When was the last time a pitcher batted for himself in the AL (not counting an interleague game)?


How about the 2nd game of the DH in 2007 vs. the Twins when we got killed. I believe Garza had to bat because their catcher got hurt, and then Mauer had to catch, which made them lose their DH.

TDog
05-18-2009, 05:33 PM
How about the 2nd game of the DH in 2007 vs. the Twins when we got killed. I believe Garza had to bat because their catcher got hurt, and then Mauer had to catch, which made them lose their DH.

That is the risk teams run when they DH their regular catchers for a day off. I have questioned the managerial wisdom of that. But it's a calculated risk. What happened in the Rays game was a stupid managerial mistake.

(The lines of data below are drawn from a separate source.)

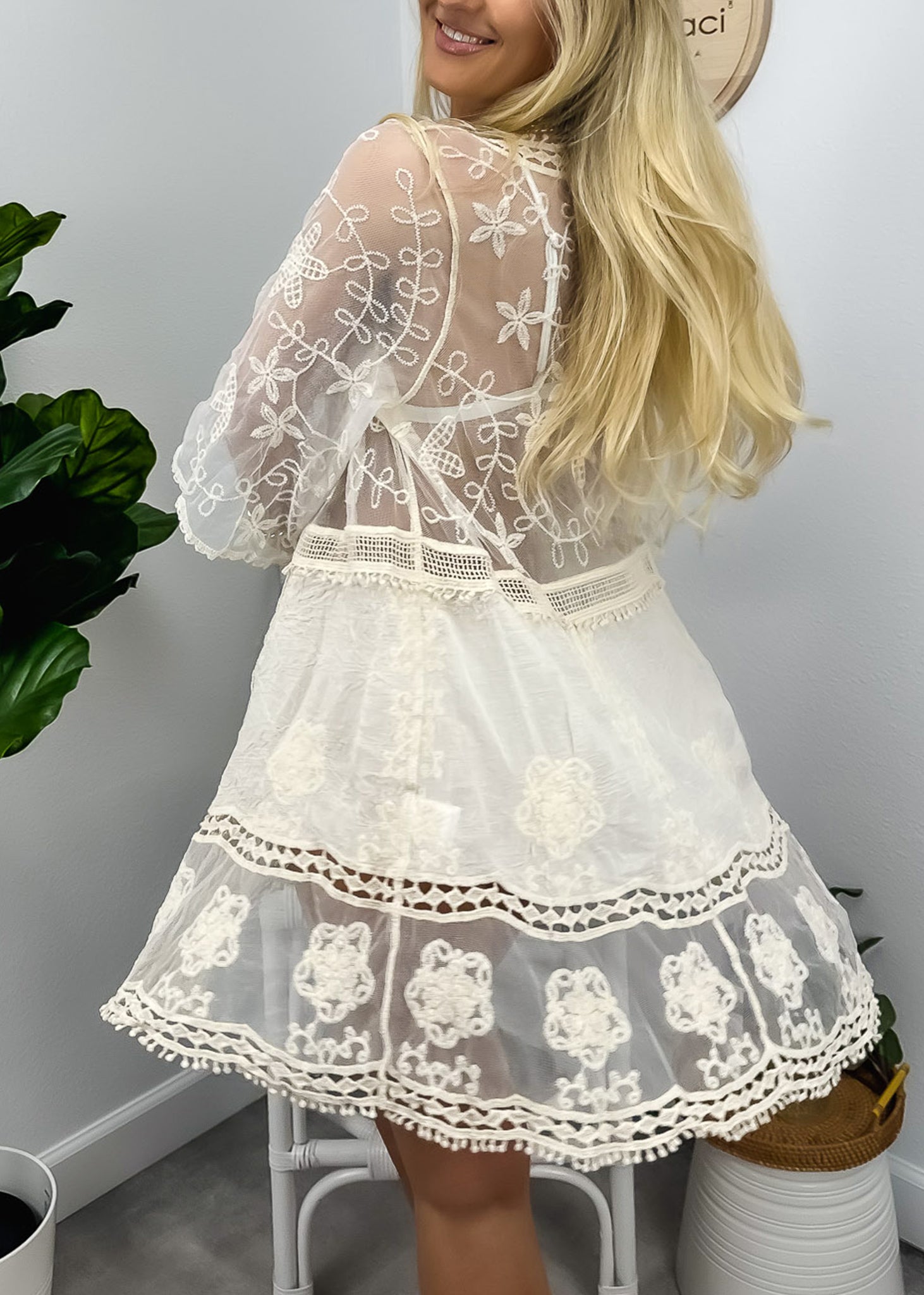 Contrast Embroidered Lace V Neck Bikini Cover Up Beach Mini Dress with Half Sleeve - White
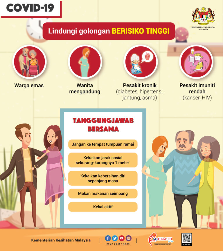 Terdapat beberapa golongan berisiko tinggi dan mudah untuk dijangkiti terutamanya bagi mereka yang mempunyai masalah kesihatan serta sejarah penyakit kronik. Ayuh kita semua lindungi golongan-golongan tersebut. Sumber Info Grafik : Kementerian Kesihatan Malaysia (KKM) & Majlis Keselamatan Negara (MKN)
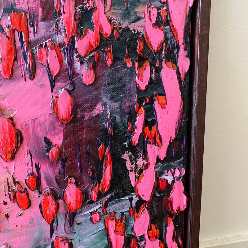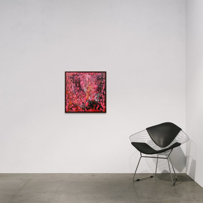 Layers and layers of oil paint have been applied to the canvas, the result of feeling rather than thinking, with colours colliding and occurring in an uncontrolled manner. The painting achieving a sense of depth, with fantastic detail hidden and exposed to varying degrees- ‘a joy to own and live with’.
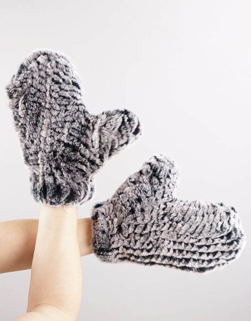 Handwoven and unbelievably soft, you won't want to take these rex rabbit mittens off. Amazingly warm, these mitts have fur on both the inside and out and the stretch netting makes them a perfect fit for everyone!
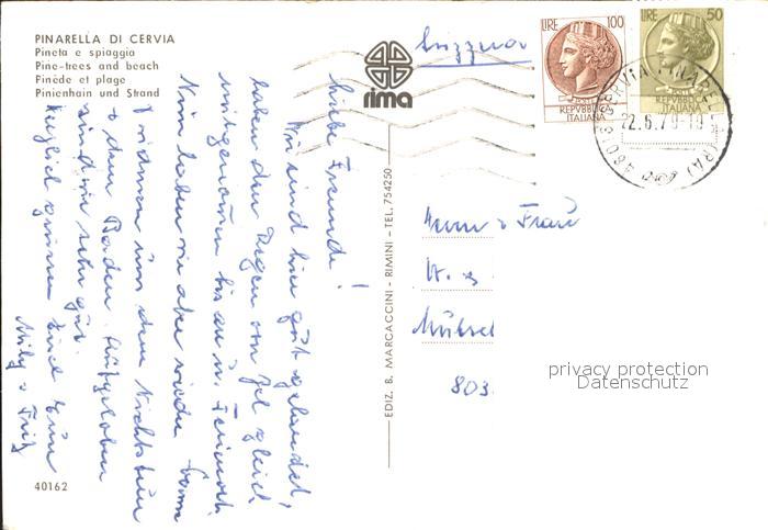old postcard Cervia Pinarella spiaggia Pinienhain Strand postalisch gelaufen Erhaltung siehe scans
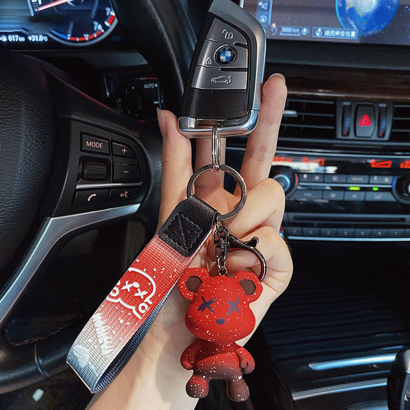 Chameleon Bear Key Chain Exquisite Car Key Ornament Net Red Bear Men and Women School Bag Pendant Key Chain#
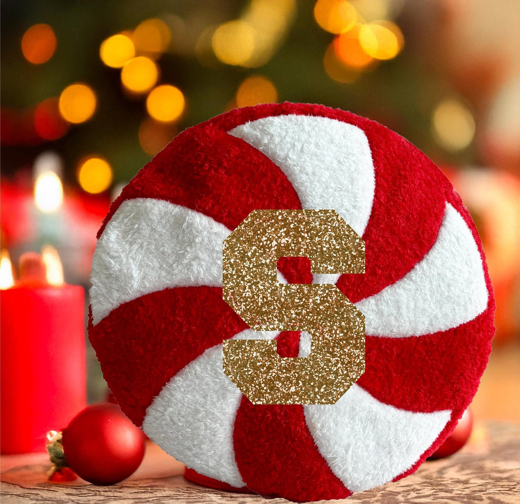 Christmas Candy Cane Cushion - Personalised Plush Holiday Home Decor With Glitter Letter
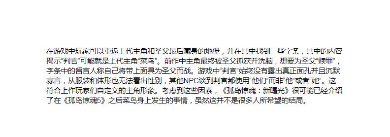 【剧透提醒】《孤岛惊魂:新曙光》作为《孤岛惊魂5》的续作,前作中主角“菜鸟”的命运被不少玩家所关注。近日游戏中雇佣兵“判官”的身份引发了外媒猜测,详情见配图。
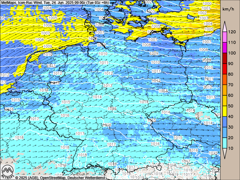 Die Böenkarte nach ICON-RUC von Dienstagfrüh:
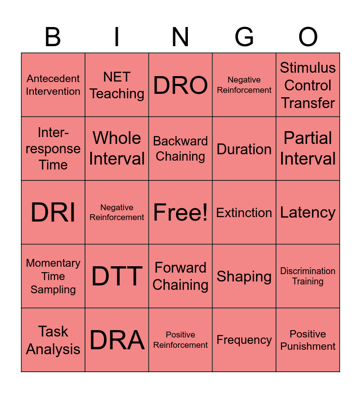 This bingo card has a free space and 24 words: DTT, DRA, Backward Chaining, Task Analysis, Stimulus Control Transfer, Antecedent Intervention, Inter-response Time, NET Teaching, Extinction, Forward Chaining, Duration, DRI, Shaping, Discrimination Training, Whole Interval, Frequency, Latency, DRO, Partial Interval, Negative Reinforcement, Positive Punishment, Momentary Time Sampling, Negative Reinforcement and Positive Reinforcement.
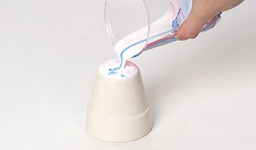 5. Place a flowerpot upside down onto a covered surface, then slowly pour the paint onto the centre of the bottom of the pot until the whole of the flowerpot is fully covered in paint. Leave to dry overnight.
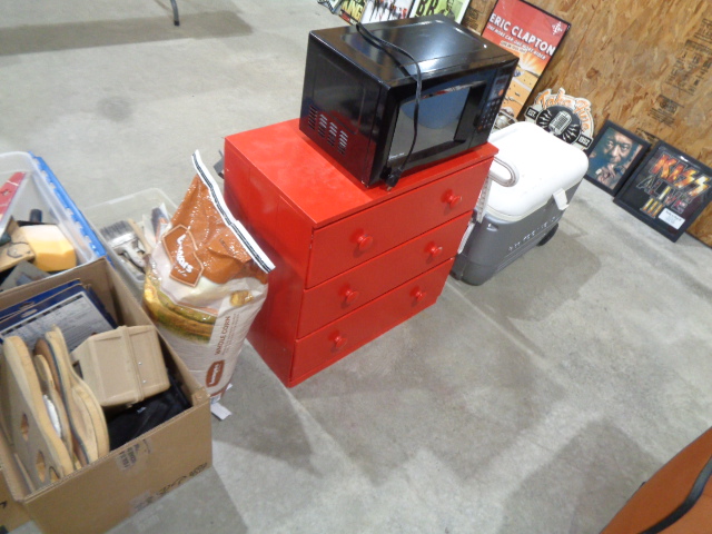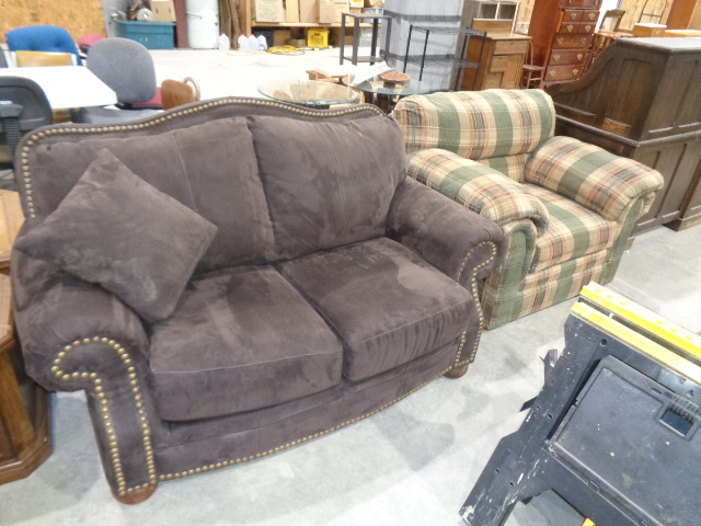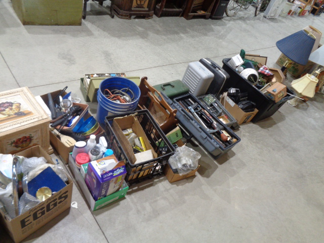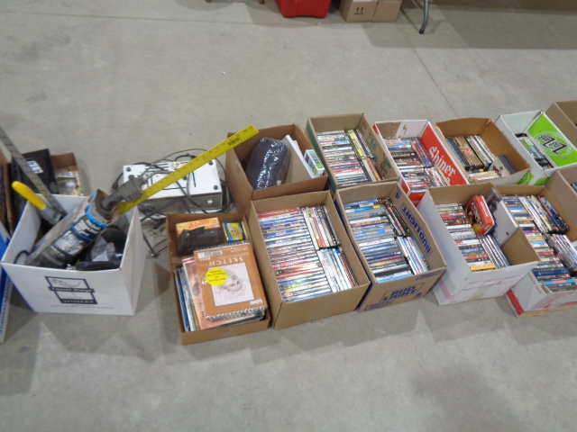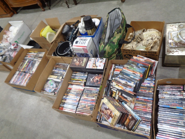 HOUSEHOLD: Leather reclining sofa * Sentry lock box * Many small kitchen appliances * lamps and pictures * kitchen items * luggage * Dyson and Kenmore vacuum * totes * glassware * silverware * pet taxi * 4 wheel walker * infrared heater and others * flatscreen TVs * 800+ DVD movies * 300+ music CDs * many toys, race tracks * electric roaster * microwave * 2 Patio table and chair sets, outdoor loungers * chairs and barstools * 8 chests and dressers * end tables * Microfiber loveseat * oversized chair * modern hutch * artificial Xmas tree * medium GE chest freezer * double bed * games * oak roll top desk * many boxes of Household items *

On June 30, 1976, in Chicago, Angels manager Dick Williams wrote Nolan Ryan's name on the lineup card, although it wasn't Ryan's night to pitch. Ryan was required to pitch to at least one batter on defense, as the rules state (no pinch-hitting for the pitcher in the top of the first in the National League). He hurriedly warmed up to face Chet Lemon, who unfortunately grounded out.

Some say that all an American League manager has to do is fill out a lineup card. And sometimes they show that they can't do that.

soxfanreggie
05-19-2009, 11:01 AM
This is why we (my team) have a media relations person check the line-up card before each game. They know that their job is to make sure everything is filled out right: names, numbers, positions, etc. We have never had a gaff when it has been reviewed by the multiple pairs of eyes.

doublem23
05-19-2009, 11:17 AM
Some say that all an American League manager has to do is fill out a lineup card. And sometimes they show that they can't do that.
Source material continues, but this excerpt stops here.